Mobilização de fundos do PRR e apoio militar

Perante a urgência da reconstrução, o Chefe de Estado defendeu o recurso imediato a fundos europeus, ao Plano de Recuperação e Resiliência (PRR) e ao reforço de verbas de emergência. Marcelo Rebelo de Sousa destacou também o papel das Forças Armadas, que estão agora a arrancar com operações de alojamento e alimentação em colaboração com a Proteção Civil.

“O poder local é aquele que está mais próximo e tem melhores condições para agir. É preciso dar meios ao poder local e encontrar respostas”, defendeu, reiterando que o esforço será “muito mais longo do que se pensava”.

À medida que o presidente e a ministra se aproximavam do Terminal Rodoviário de Leiria, completamente destruído pela tempestade Krestin, vários jovens foram-se juntando ao grupo de jornalistas e seguranças que ladeavam ambos os responsáveis. Desta vez, porém, não houve momento para selfies.

Dentro do terminal rodoviário, Marcelo foi convidado a avaliar a dimensão dos estragos, numa altura em que a ausência de energia elétrica no edifício não facilitou a vida à mais alta figura do Estado, que contou, no entanto, com a ajuda da iluminação dos repórteres de imagem.

Ao seu lado, Maria Lúcia Amaral manteve o silêncio, interrompido apenas para alguns comentários mais privados com o Presidente.

Com a ameaça de novo agravamento do estado do tempo no próximo domingo e o risco iminente de inundações nas bacias hidrográficas devido ao caudal vindo de Espanha, o Presidente apelou à vigilância máxima. “O processo não terminou.
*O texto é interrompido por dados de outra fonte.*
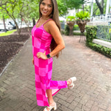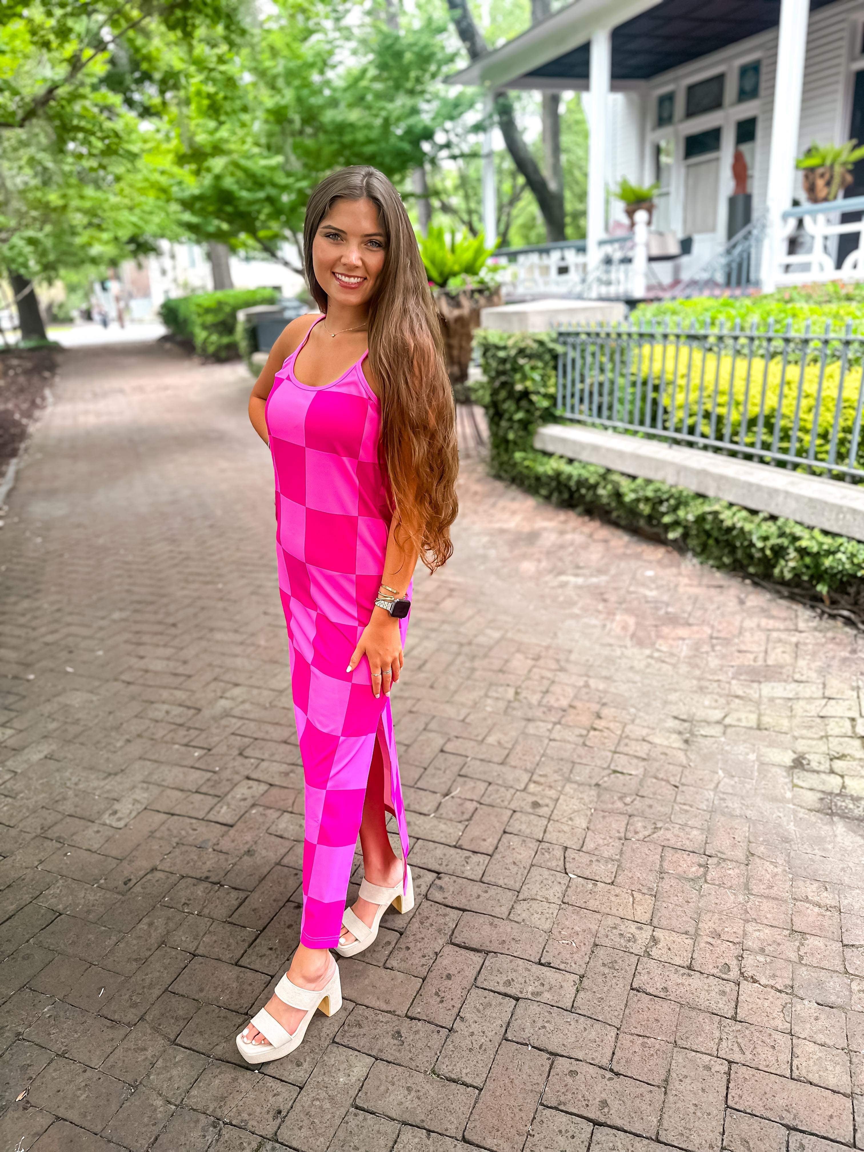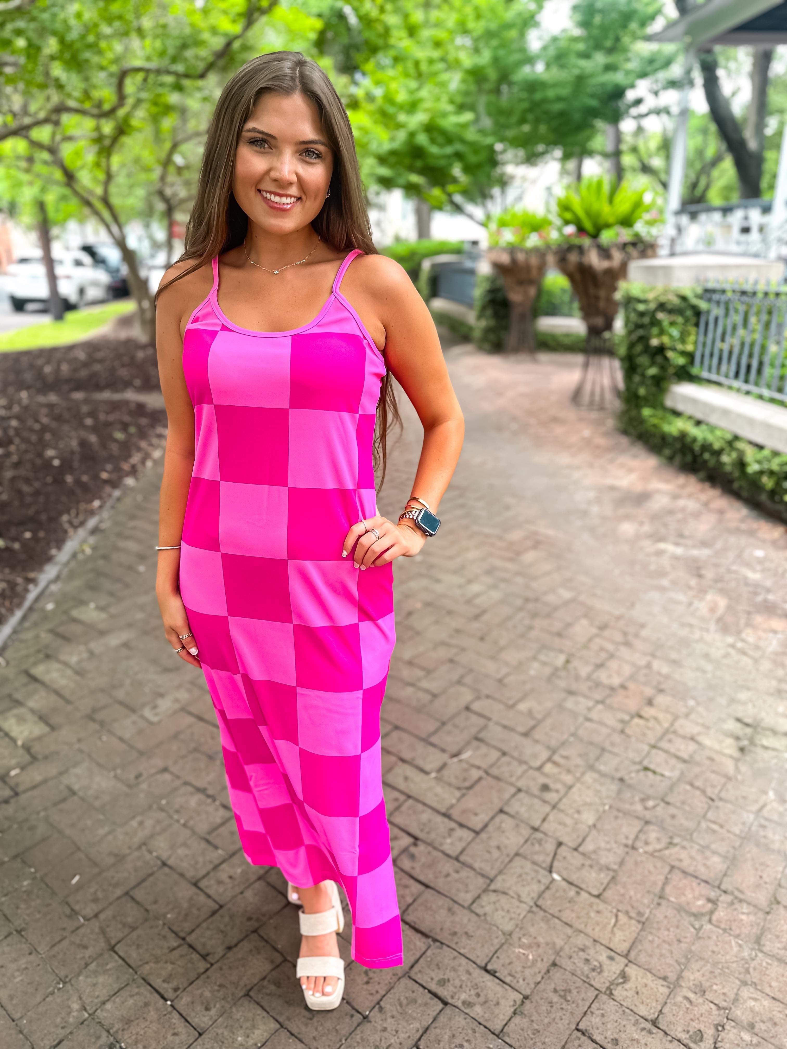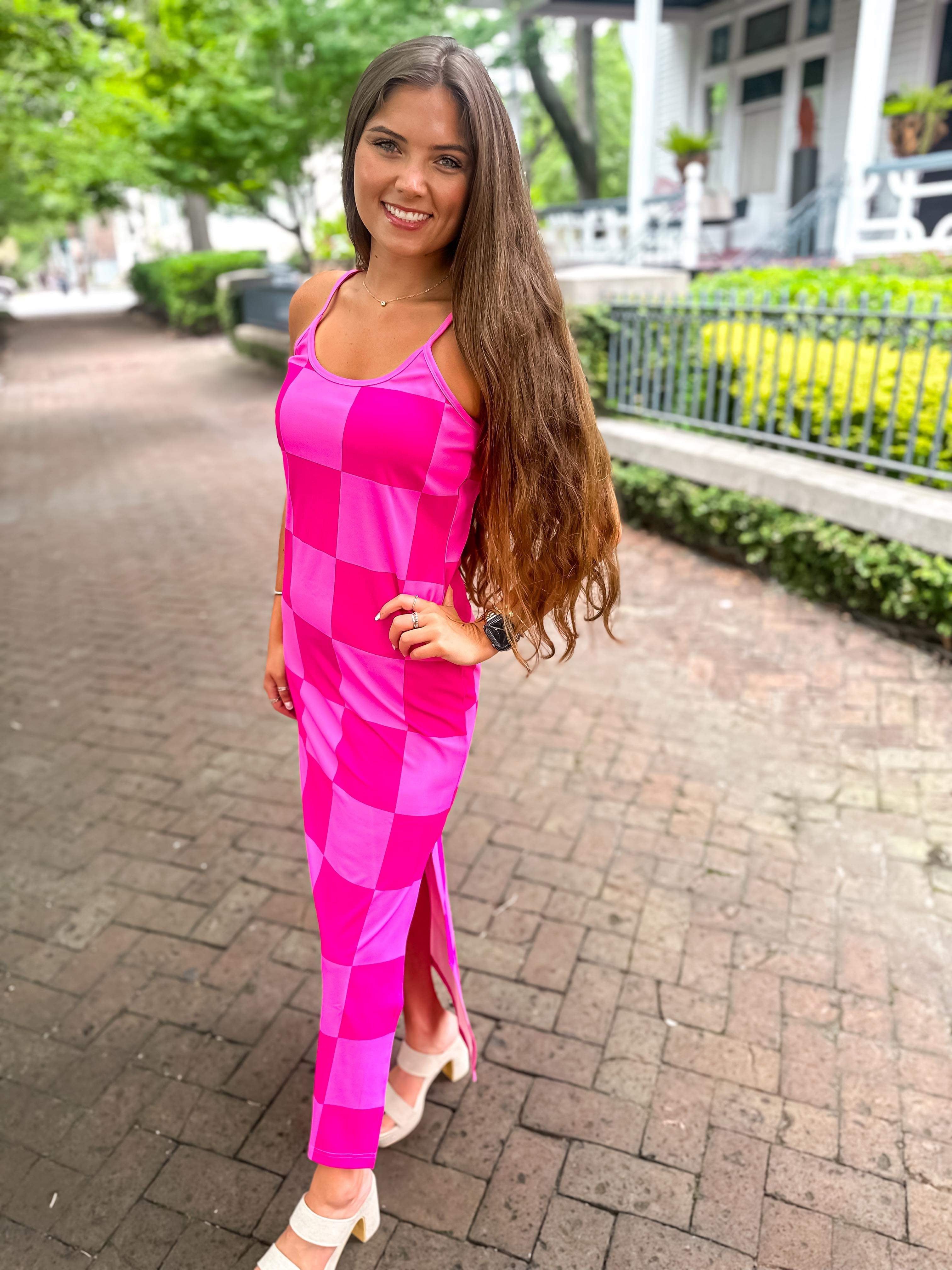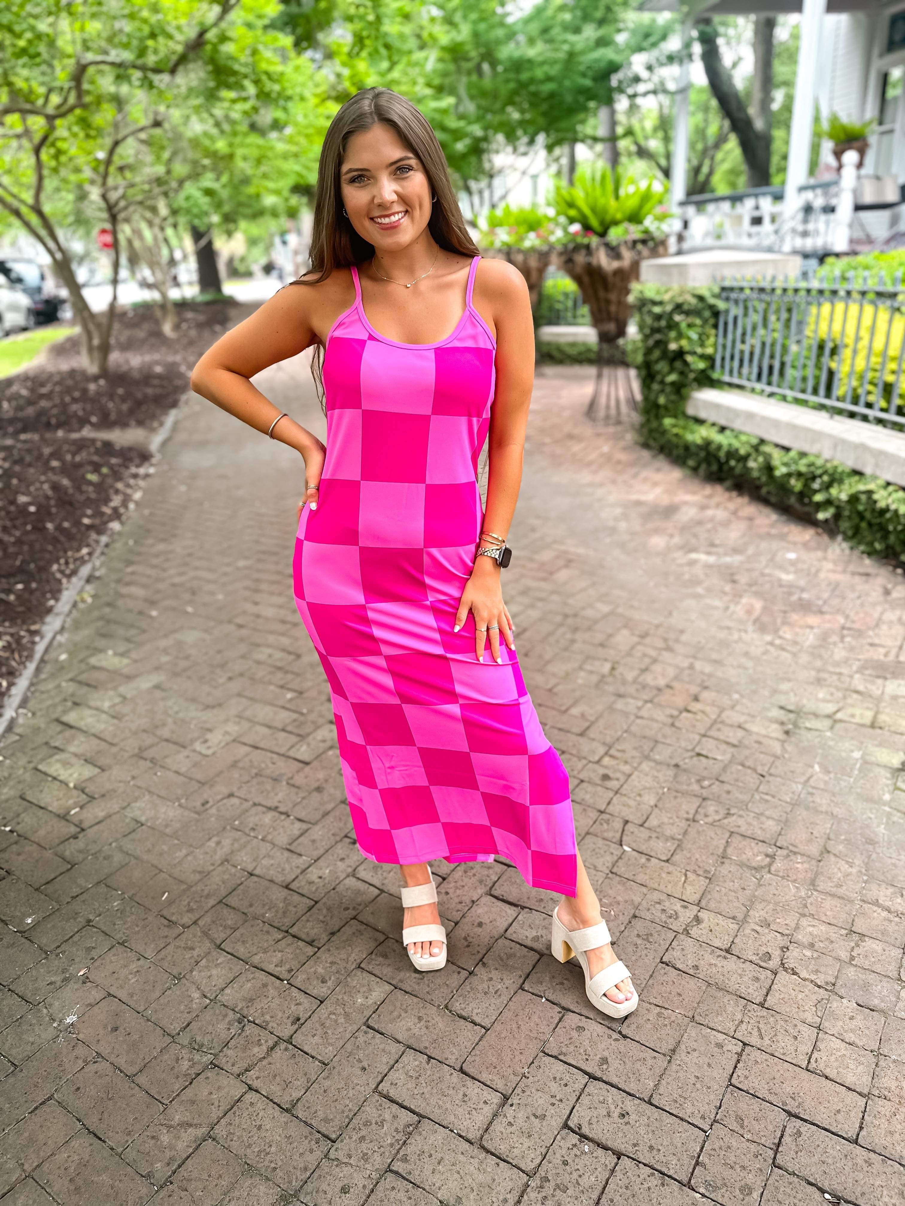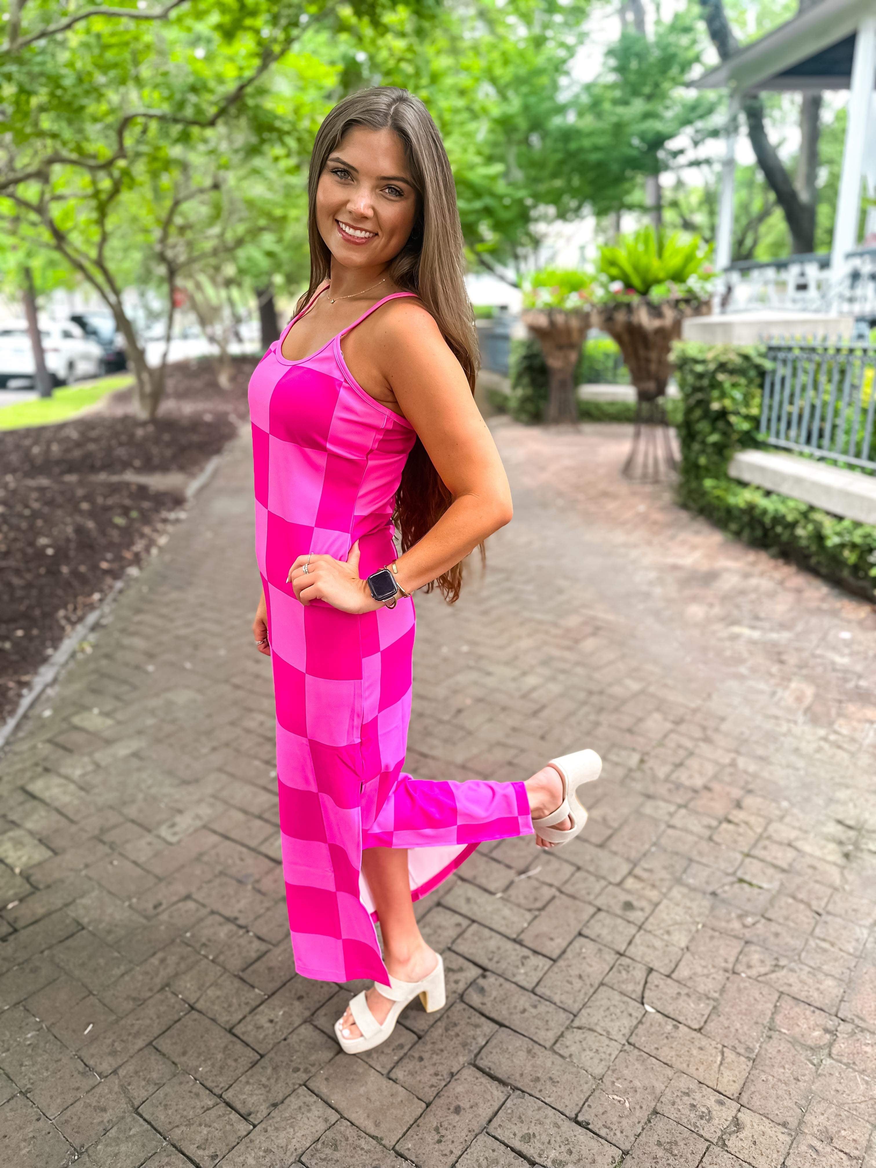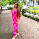 Get ready to be checked out in this Checked Out Checkered Dress! This stretchy pink dress features a side slit and adjustable straps, perfect for wearing as a dress or coverup. Stand out with playful style in this unique and versatile dress.
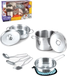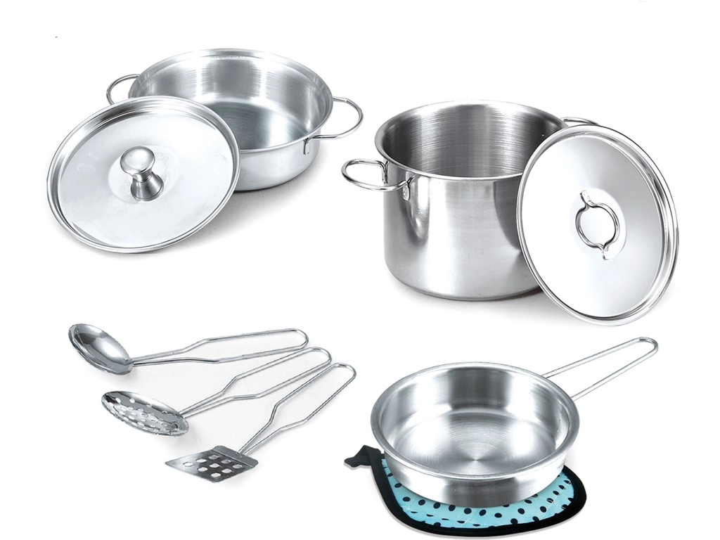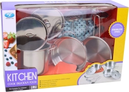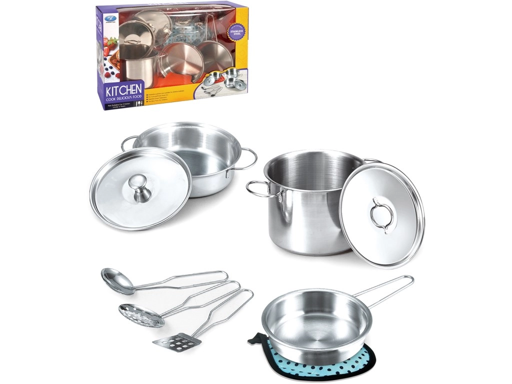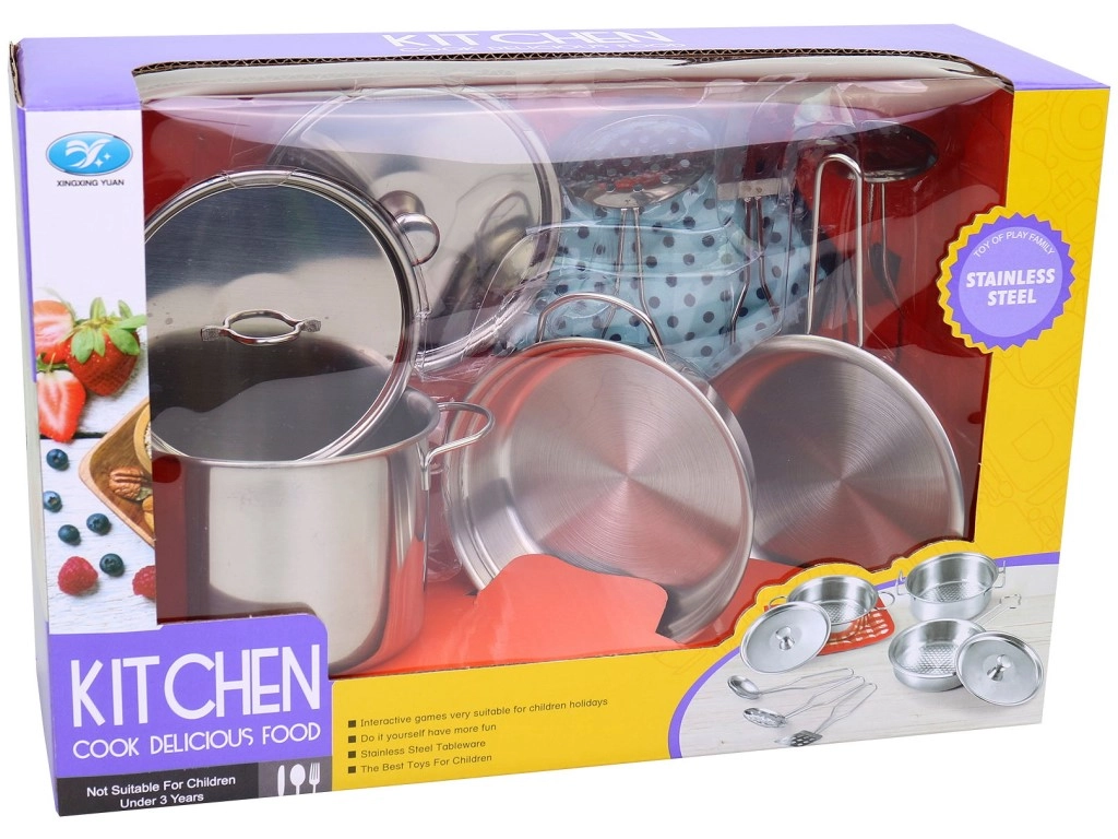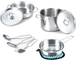 Acest set de veselă din oțel inoxidabil conține nouă piese care extind posibilitățile jocurilor copiilor în bucătărie. Arătați-le copiilor dumneavoastră cum să gătească cu acest set minunat. Vesela este fabricată din tablă, ceea ce o face sigură și durabilă pentru joaca copiilor. Ambalajul de tip window box asigură că setul va arăta grozav încă de la prima vedere.

Se amanhã se verificar que há uma confirmação de agravamento, a Proteção Civil tem de tentar pôr a salvo o maior número de pessoas”, alertou.

Foi à saída do terminal rodoviário, quando já alguns populares tinham dado pela presença de Marcelo Rebelo de Sousa, numa das suas últimas aparições enquanto Presidente da República, que os ânimos se exaltaram um pouco mais, confirmando a preocupação do presidente da Câmara de Leiria, já partilhada com Marcelo logo após a sua chegada: a população começa a acusar cansaço e ansiedade, não apenas pelo que passou mas pelas soluções que parecem tardar.

Um dos habitantes de Leiria ergueu a voz para perguntar ao Presidente da República por que razão a sua visita só aconteceu três dias após a hecatombe, acusando Marcelo e Maria Lúcia Amaral de terem “esquecido Leiria. Porque é que só vieram cá agora, com jornalistas?”, lamentou.

O presidente e a ministra saíram do local, sem responder e, acompanhados das suas equipas e de elementos da Câmara Municipal de Leiria, seguiram viagem para tentar, já noite cerrada, ter conhecimento dos estragos já noutros pontos do concelho.

Em Leiria, a luz do Castelo da cidade, que chegou a estar iluminado ao fim da tarde, apagou-se pouco depois, lembrando, talvez, que a energia elétrica ainda é um bem muito valioso e raro. E enquanto o centro da capital de distrito consegue já viver sob alguma normalidade – ao fim do dia já havia comunicações móveis, eletricidade e alguma água -, nas freguesias em redor, os próximos dias deverão continuar a ser de angústia. Para além da ausência de comunicações, água e tréguas no mau tempo, que podem agravar os estragos ainda não resolvidos, falta também energia elétrica. Ou uma luz para devolver um pouco de esperança.